Even that is unusual for two homes side by side on the same block. Understandable if the other house was across the street on another block, but right next door?
Very odd. Unless the grid just happens to split and end at the pole in the ally where you have one drop from "grid A" and your next door neighbor is on "grid B".
Just goes to show what a weird world we live in!
RFB.
I ordered a crystal from ICM to get my little CC station down to 580khz, as the old Gittings PLL board I have has stopped working. The station has been running since my original post, and some days the signal is great across town (about 2 miles), and other days its less than a mile. Today I dropped in the new crystal and updated the filter section of the LPB, but my coverage has dropped to maybe 1/4 of a mile despite running at 100% power. I am really frustrated at this point, and am going to try a different location near town to see if I can make this work. I have been tied up with other stuff over the last week (sorry RFB!), but will try some tests over the weekend and see why this thing isn't working.
Tommy J.
"I dropped in the new crystal and updated the filter section of the LPB, but my coverage has dropped to maybe 1/4 of a mile despite running at 100% power."
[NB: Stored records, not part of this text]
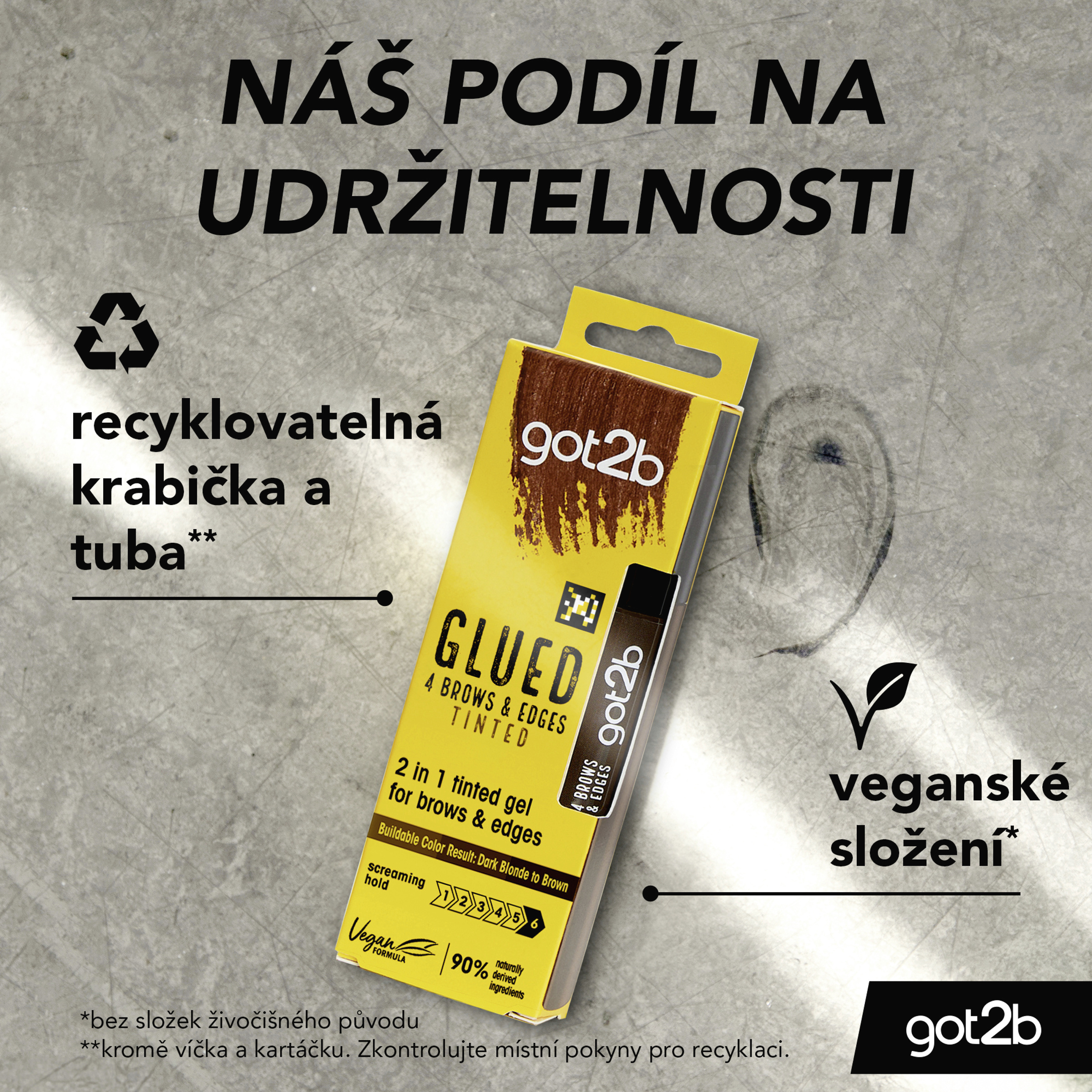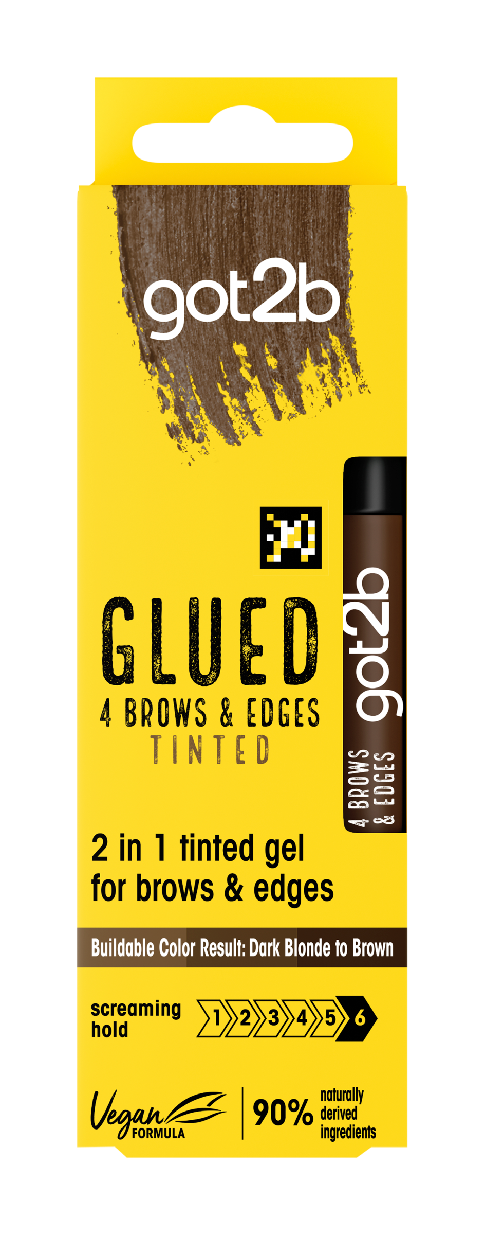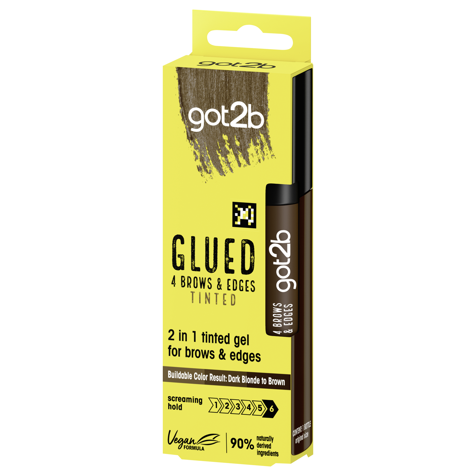 got2b Tinted Glued Gel stylingový barvící gel na obočí a „baby" vlásky poskytuje plněji vypadající obočí a uhlazuje krátké vlásky. Vydrží během celého dne. Barevný výsledek: tmavá blond až hnědá. Produkt je bez parfému
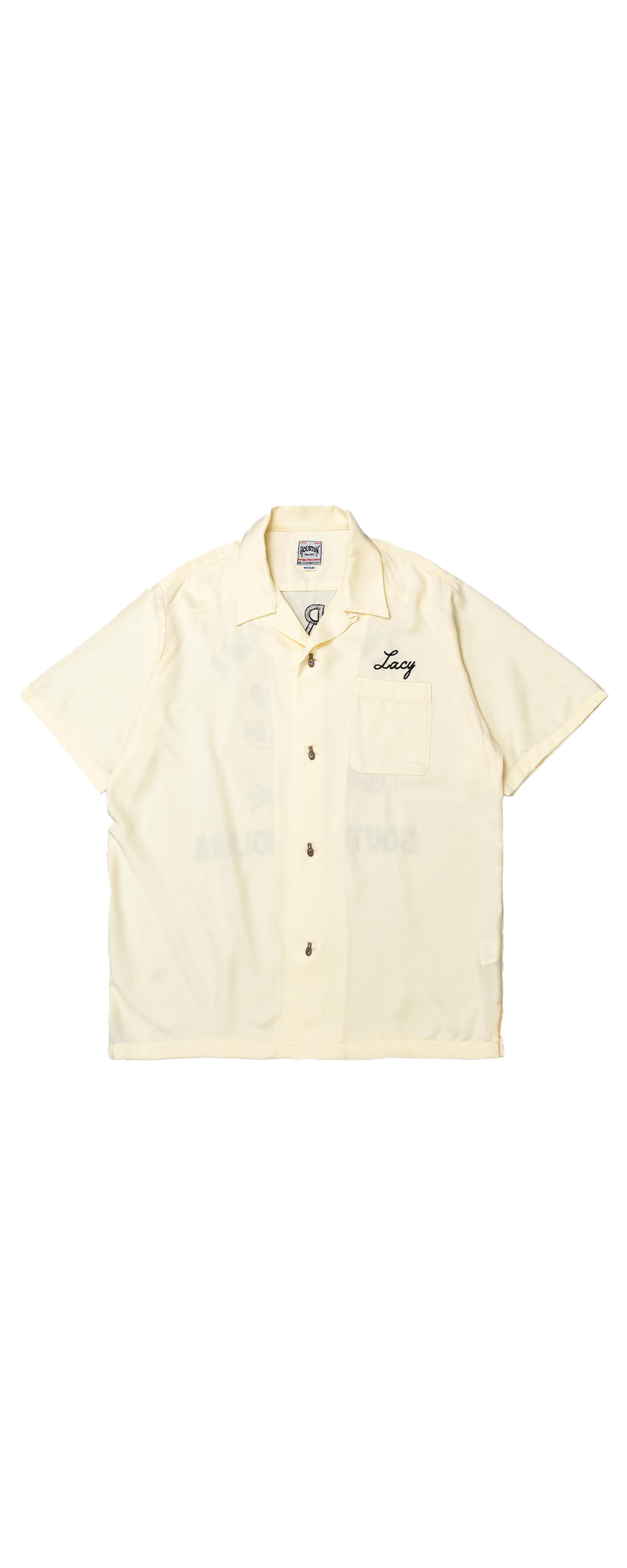 Houston Japan 41224 Bowling Shirt (Tiger Bowl) - Cream Houston Japan의 대표적인 볼링 셔츠입니다. 레이온 소재로 더운 계절에 맞는 시원한 촉감입니다. 자연스러운 핏감과 전면부 볼링핀 버튼이 특징입니다. 자수 디자인은 수베니어 재킷 무늬 느낌의 코믹한 호랑이 디자인입니다. * Rayon 100% * 빛에 의한 제품의 색감 차이가 존재 할 수 있습니다. * Made in China
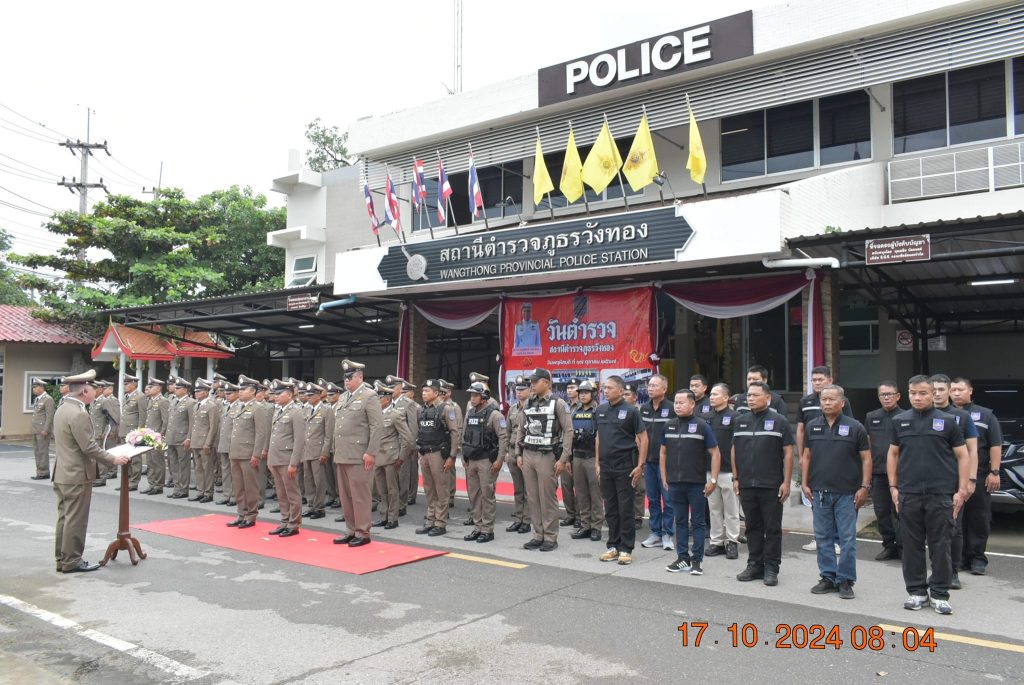 วันนี้ (17 ต.ค. 67) เวลา 08:30 น. พ.ต.อ.มนต์ศักดิ์ แก้วอ่อน ผกก.สภ.วังทอง นำข้าราชการตำรวจสถานีตำรวจภูธรวังทอง ร่วมเข้าแถวเคารพธงชาติ พิธีอ่านสารของ พล.ต.อ.กิตติ์รัฐ พันธุ์เพ็ชร์ ผบ.ตร. เนื่องในวันตำรวจ ประจำปี 2567
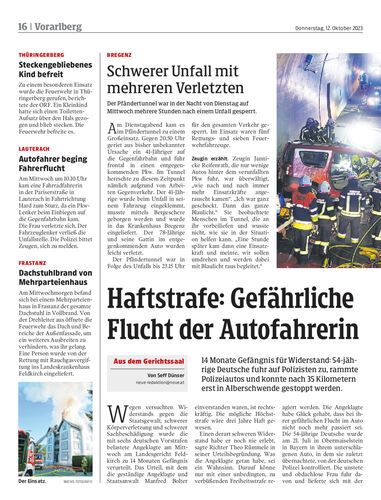 14 Monate Gefängnis für Widerstand: 54-jährige Deutsche fuhr auf Polizisten zu, rammte Polizeiautos und konnte nach 35 Kilometern erst in Alberschwende gestoppt werden.
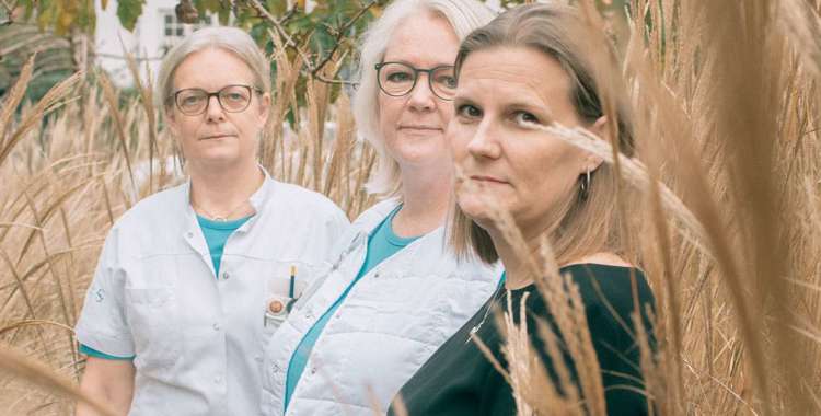 <Billedtekst> ”Patienter med søvnløshed har større risiko for angst og depression, og det smitter af på deres sociale liv og arbejdsliv,” siger sygeplejerske Susanne Pia Nielsen, her fotograferet mellem Lise Bjerrum Thisted (tv.) og Camilla Pless-Aagaard (th.).
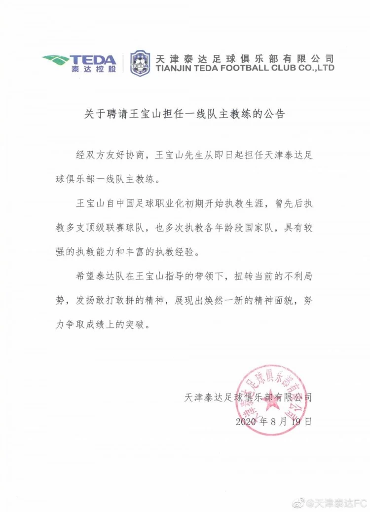 经双方友好协商,王宝山先生从即日起担任天津泰达足球俱乐部一线队主教练。
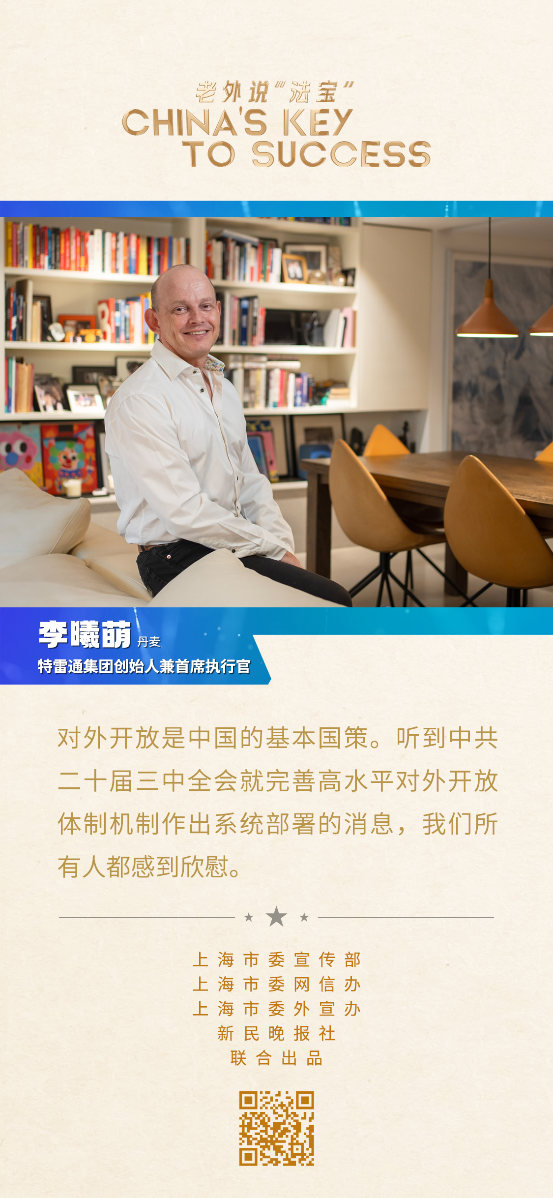 1995年,李曦萌再次回到上海,創(chuàng)辦了特雷通集團,將北歐家具引進中國市場。從那時起,他便在上海落地生根、成家立業(yè)。李曦萌娶了“上海老婆”,成了“上海女婿”,還熱衷于服務(wù)社區(qū)。李曦萌說,上海是一個有溫度的城市,希望更多人能夠來上海親身感受這座城市的魅力。

Placing more grounding rods will help improve that coverage. Key is to create as much of a ground contact at the grounding point as possible. Several ground rods may be necessary as that is also dependent upon the ground conductivity.
Let me know if I can be of further assistance. 🙂
RFB
Does anyone know exactly what I should ask the city to install on the powerline transformer that will allow my RF to come through on the hot side? I asked for an RF bypass capacitor, but nobody seems to know what I'm talking about.
Tommy J.
Mention "Broadband over Power Line" and they might figure it out! 😀
RFB
I'm frustrated with the carrier-current thing, to the point I pulled it all out and put it in the truck to take home, maybe even to eBay. Today I toyed around with an old EDM LED transmitter I had bought & never used. Hooked into a j-pole and set to 87.9, I am getting about a mile coverage from inside my garage. I have no way to test it and see if its 250uv at 3M (that's why I'm hiding inside the garage), but it sure sounds nice! Maybe if I get a few of these and link them together via 5ghz, I can have a legal city-wide FM station? I know I could probably do the same thing with several rangemasters on AM, at least they have the sync capability. Interestingly, the same j-pole with a 30 watt exciter gets me about 7 miles, with the antenna on the ground. I have been messing with this carrier-current stuff for weeks, I'm frustrated..
Tommy J.
AM-580 The Bull!
"I have been messing with this carrier-current stuff for weeks, I'm frustrated."
Well this is a sudden turn of events. What is causing the problem?
I would not give up so quickly when just a couple weeks ago the system was working, though not on the frequency of choice, it was working.
Give me a call and let's see what can be figured out.